Residual and secondary assembly

A residual assembly is an assembly that builds consensus strictly from secondary and unmatched data after the primary assembly has finished. Data must be separable as specified by the SORT_GROUPS option, with reference seeds available as usual. For example, suppose A_HA_H3 and A_HA_H5 are both present in the FLU module and that SORT_GROUPS uses "HA" as a pattern for gene name sorting. If a sample contained reads for both gene segments, then A_HA_H3 competes with A_HA_H5 to be in the primary assembly. The HA with the most reads will be primary, say A_HA_H3 in this case. Secondary data will be stored for A_HA_H5. Three options control if and how a residual assembly is triggered: RESIDUAL_ASSEMBLY_FACTOR, MIN_RC_RESIDUAL, and MIN_RP_RESIDUAL.

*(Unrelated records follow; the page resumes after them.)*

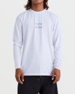 The All Day Wave Loose Fit Long Sleeve Surf Tee is a hybrid jersey rash guard, with a hooded neck and 50+ UV protection. Sun safe and comfortable. Featured here in the White colorway.
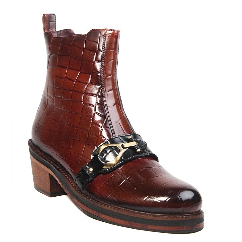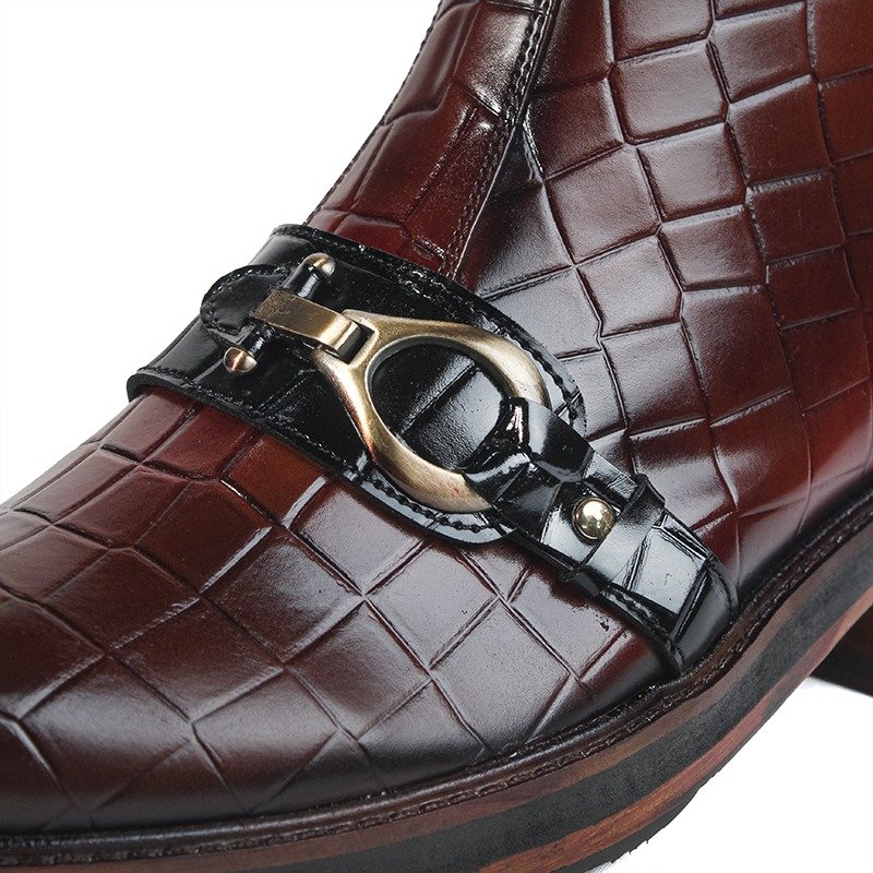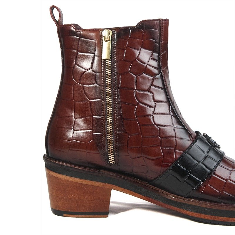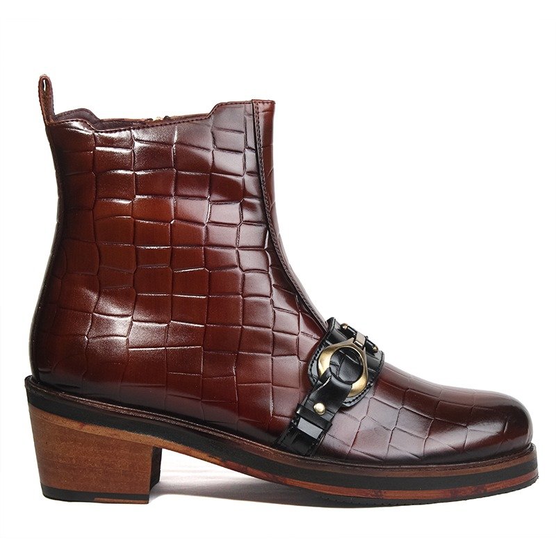 Handcrafted tan brown croc-texture leather boots with buckle and leather sole by Shoe Bespoke. Bold design with premium luxury finish.
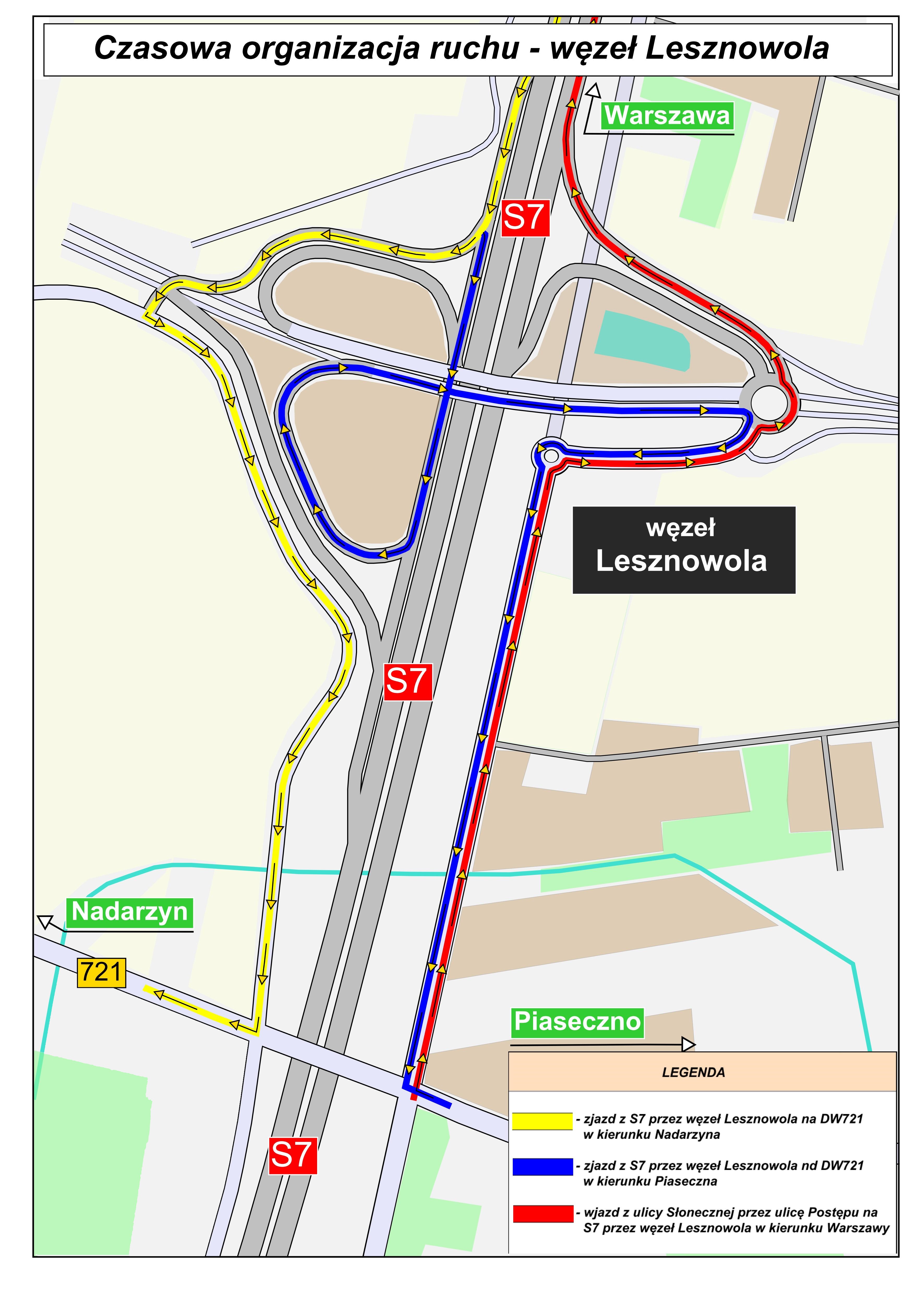 Odcinek Warszawa Lotnisko - Lesznowola powstał w docelowym układzie i po połączeniu z sąsiednim zapewni nowy wyjazd ze stolicy w kierunku Krakowa. Niestety, za sprawą braku nowego przebiegu drogi wojewódzkiej 721, zjazd z S7 na jej obecny przebieg w kierunku Nadarzyna i Piaseczna ma tymczasowe rozwiązanie. Z węzła Lesznowola w kierunku Nadarzyna kierowcy wjeżdżają na drogę serwisową po zachodniej stronie S7, do ulicy Słonecznej. Z kolei ruch w kierunku Piaseczna prowadzi przez węzeł Lesznowola, do wybudowanego ronda w ciągu ul. Postępu oraz dalej ulicą Postępu do ulicy Słonecznej. Jednocześnie wjazd na drogę ekspresową z lokalnej sieci dróg odbywa się wyłącznie ulicą Postępu.
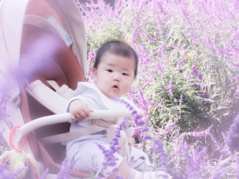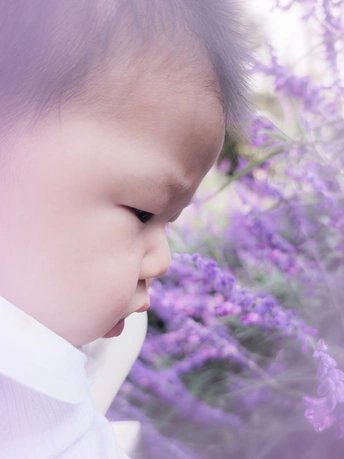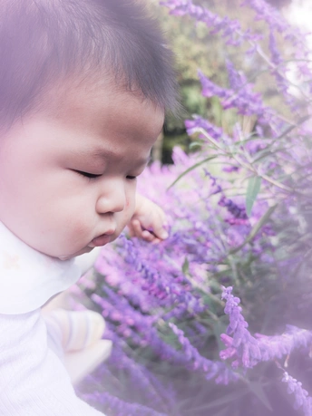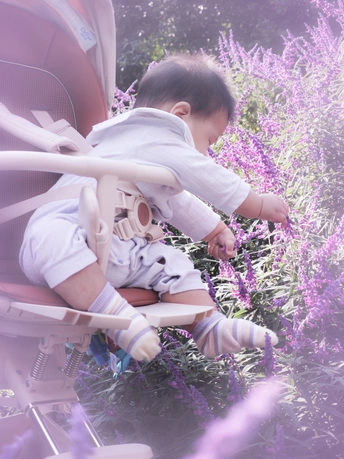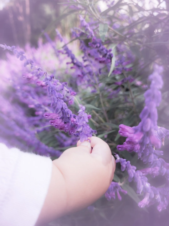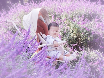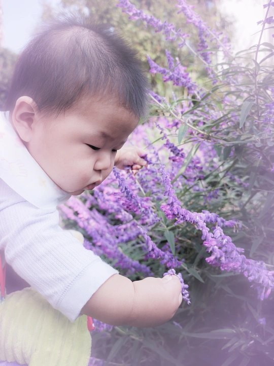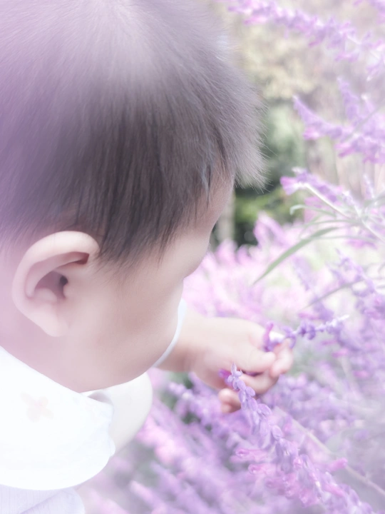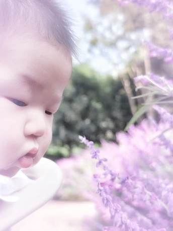 掉进一片紫色的温柔里啦~ 软乎乎的小人儿,正踮着小手和薰衣草说悄悄话 风里都是甜甜的,连空气都裹着奶香味的紫
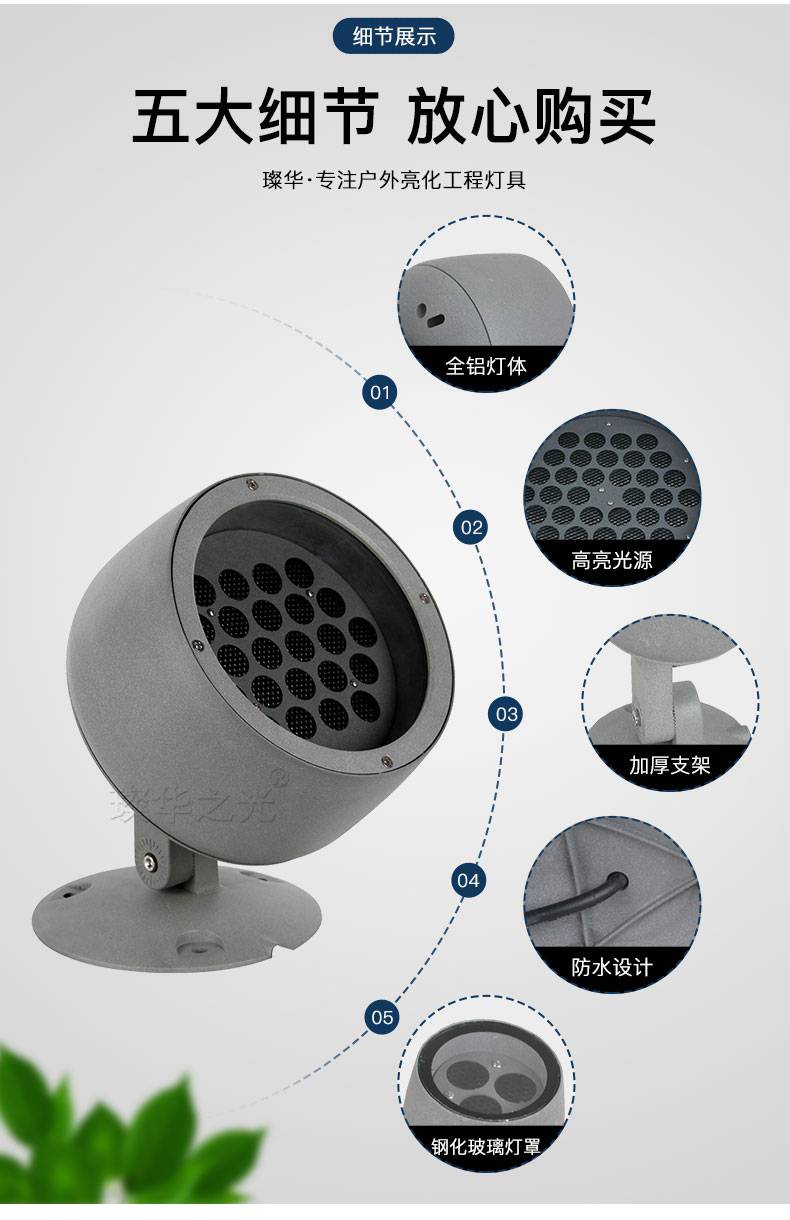 產品介紹:私模圓形結構防水投光燈,深藏式防眩設計,深筒、內置階梯微防眩器,搭配蜂窩格柵,實現三重防眩光效果。
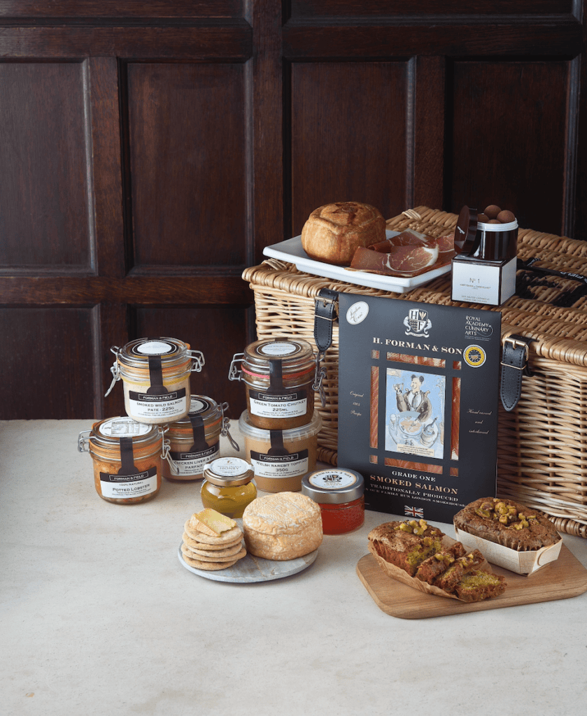 Forman’s Finest Hamper delivers exactly what it promises — London Cure Smoked Salmon, Wild Smoked Salmon Pâté, Potted Lobster, Royal Roe, Chicken Liver & Brandy Parfait, Alderton Ham and a gloriously oozy Tunworth. No fillers, no compromise.
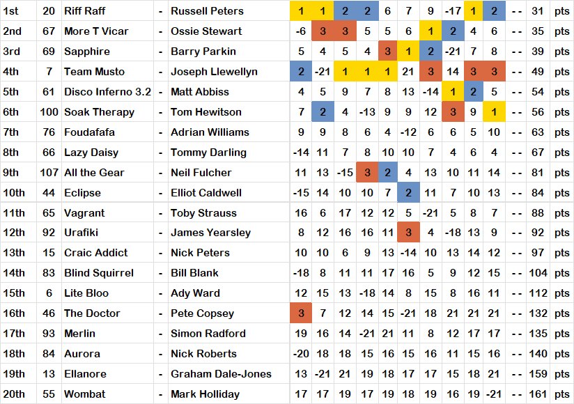 ‘Riff Raff’ started the final day tied on 19 points with Barry Parkin’s ‘Sapphire’, and Ossie Stewart’s ‘More T Vicar’ waiting to pounce if either slipped.
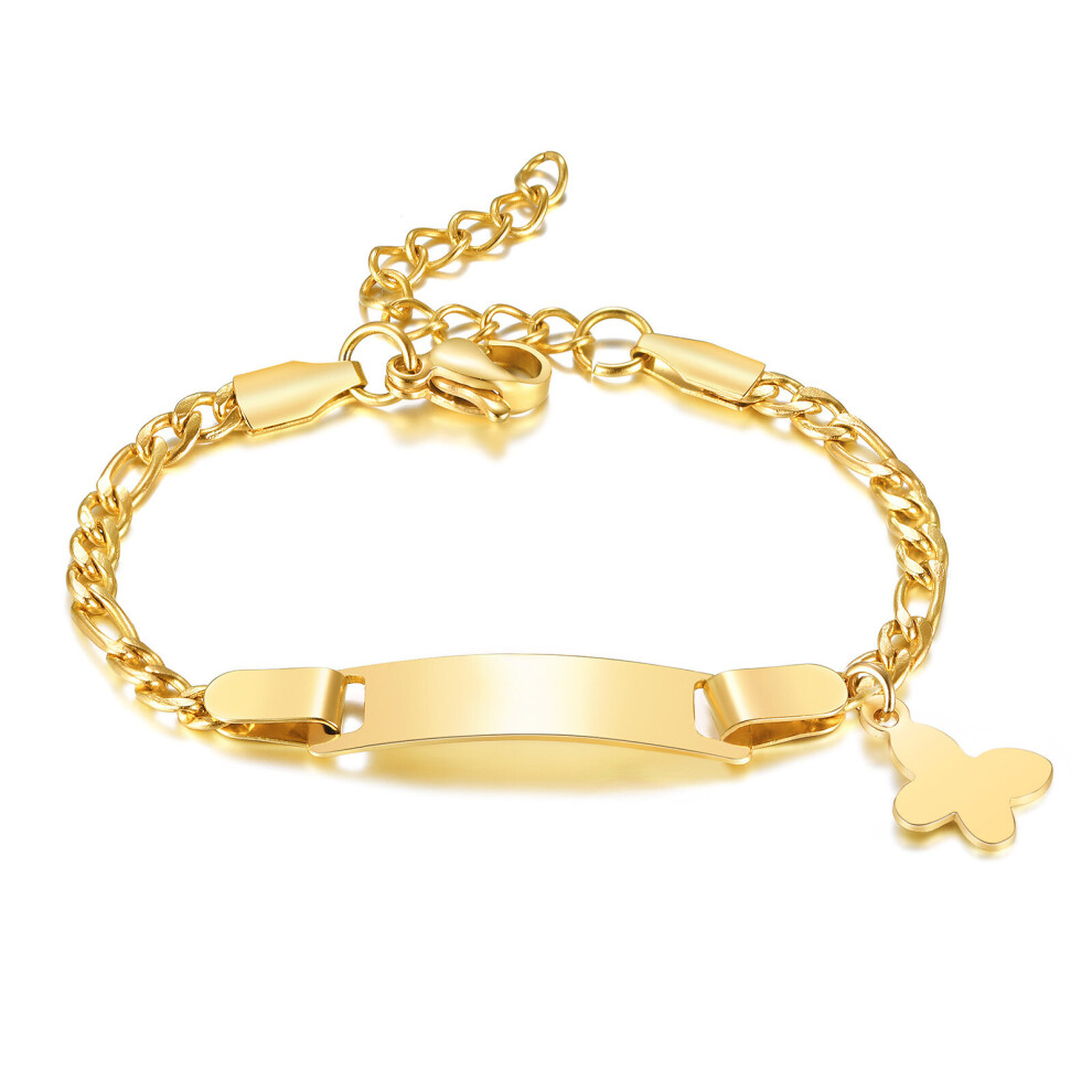 (Hot Stamping, 16.5cm) Personalized Butterfly Newborn Baby Bracelet Name Chain Link Wristbands for Gilrs Boy Children
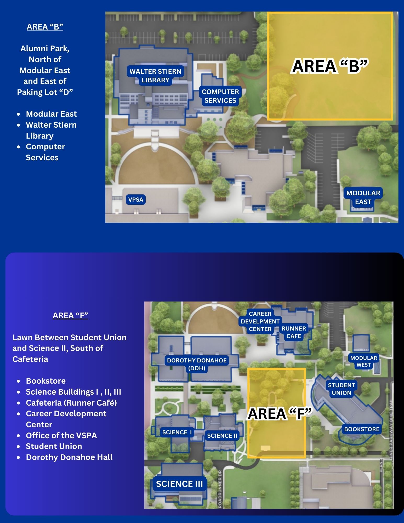 Area B, and F
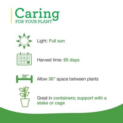 Lots of tasty, versatile cherry tomatoes grow on an attractive deep green, husky plant. Unlike most cherry tomato varieties, this plant only grows 3 ft. to 4 ft. tall, making it ideal for containers, but produces loads of fruit through until fall. Use tomatoes in salads, stir-fries, shish-kebabs or for fresh eating. Plant is disease-resistant and will need a cage o WARNING: This product contains a chemical known to the State of California to cause cancer. For more information, go to www.P65Warnings.ca.gov.
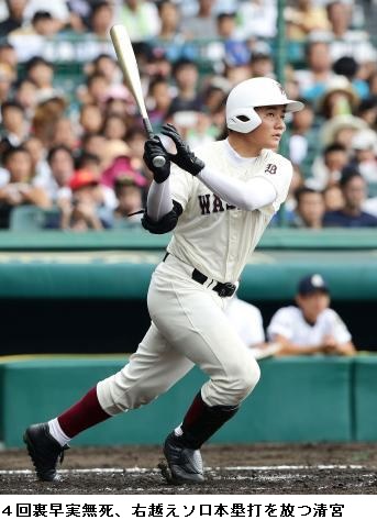 早稲田実は、1年生の清宮が2試合連続となる本塁打を放つなど、打力で九州国際大付(福岡)を圧倒。関東一は、九回にオコエが左越え2点本塁打を放って興南(沖縄)に競り勝った。
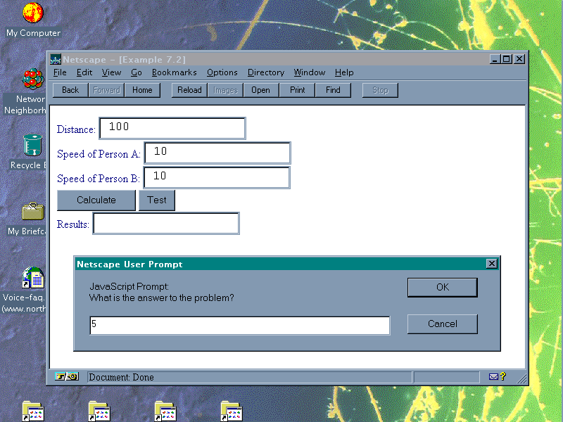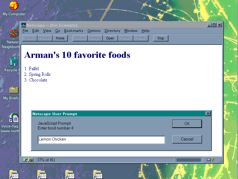 document.write(i + ". " + prompt('Enter food number ' + i,'food') + '<BR>');
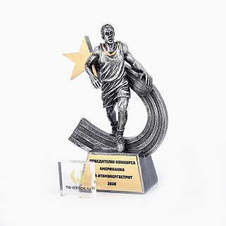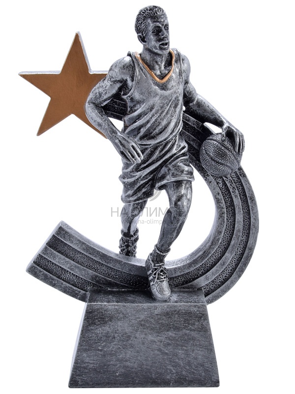 Литая фигура из металлизированного пластика на металлическом каркасе. Транспортировочная коробка в комплекте.
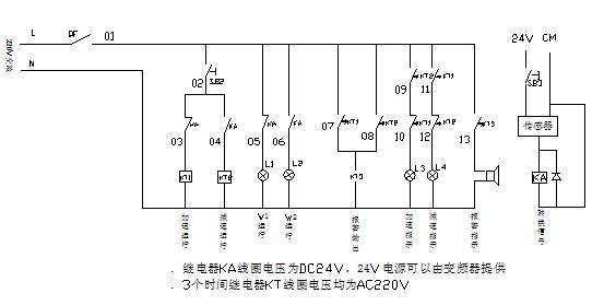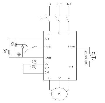 如以上图一图二所示, SB1-SB3为控制箱面板三个转换按钮,分别控制变频器的启动,加减速的投入启动及传感器的启动。KT1-KT3分别控制UP/DW端子投入时间及报警的时间,正常运行设置中,第二速度比第一速度高。两段速度的设定值在控制箱的面板上由两块10V指示表分别显示。

    Read pattern counts (de-duplicated reads) for all primary data are compared to all read patterns from secondary data. If there are enough read patterns in the secondary data, IRMA tries to do the residual assembly. First, an observed factor is calculated, which is the number of primary read patterns divided by secondary ones. As the factor gets large, the secondary data gets small. For example, suppose A_HA_H3 (primary) had 2000 read patterns and A_HA_H5 (secondary) had 200 read patterns (and only HA is detected in this sample). Then the observed factor as an integer is 10 (2000 / 200). This is another way of saying secondary data is 10% of the size of primary data. If the observed factor is less than the RESIDUAL_ASSEMBLY_FACTOR, residual assembly is tried. By default, RESIDUAL_ASSEMBLY_FACTOR is set to 0, preventing residual assembly from being tried. In our influenza module we have a configuration option that sets RESIDUAL_ASSEMBLY_FACTOR equal to 400, so the observed factor must be <400 (or >0.25% secondary data compared to primary) in order to trigger a residual assembly. Spurious residual data is to be expected due to extremely low-level contamination and misclassification. The dividing line between trace levels and significant signal is up to the user.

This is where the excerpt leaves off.